Data Normalization and Validation for Entity Resolution on AWS

Introduction

Data collected about consumers is a valuable asset for an organization. Quality of data collected varies widely because of the variations in the controls put in the system of engagements/records. The lack of standardization and low quality of data collected from these variety of sources becomes a bottleneck in complex workflows like Entity resolution where the data attributes are matched against each other.

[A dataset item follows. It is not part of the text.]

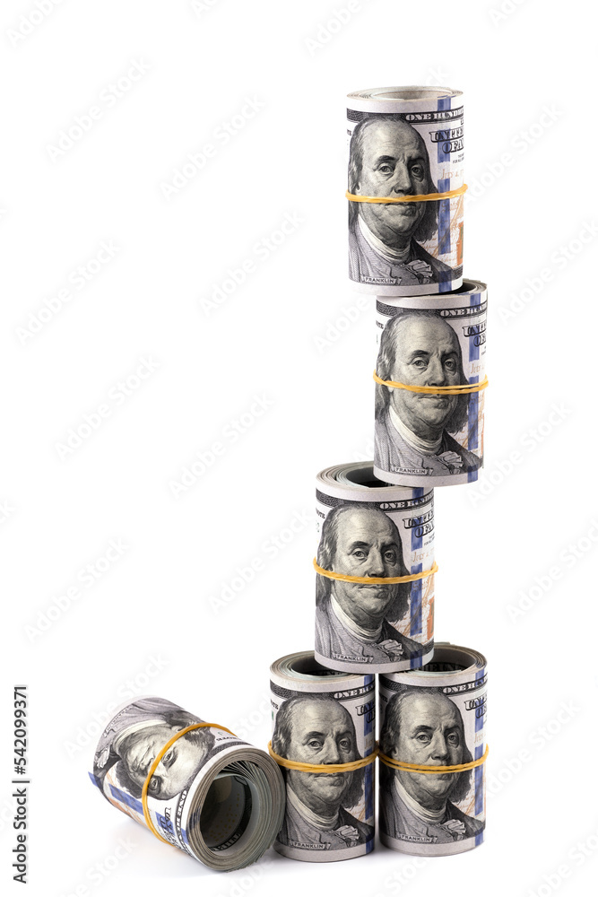 Several rolled-up bundles of 100 American dollars bills on a white background

The accuracy of Entity resolution is dependent on the quality of the input data sets. In addition to this, for better Customer Experience and Marketing outcomes the PII data entities like Physical Address, Email, Phone Numbers have to be validated for deliverability.

Guidance Description

This guidance sample repository provides a quick start template to build a data preparation workflow on AWS and get the data ready for Entity Resolution.

The data preparation and validation workflow has four steps

Cleanse/Normalize
Parse
Standardize
Validate

For the cleanse step there are two options

Use the Data Normalization Guidance available as a separate guidance in the AWS solution library as the cleanse step. Use the output of the cleanse step as the source of the workflow delivered in this guidance.
Use the AWS Glue DataBrew Recipe delivered in this guidance as a template to build your own data cleanse process

The workflow delivered in this guidance packages an example of how Parse, Standardize and Validate steps are done with Physical Address entity using a third party validation service Smarty. The run time code and the cloud infrastructure is delivered as code using AWS Python Cloud Deployment Kit(CDK).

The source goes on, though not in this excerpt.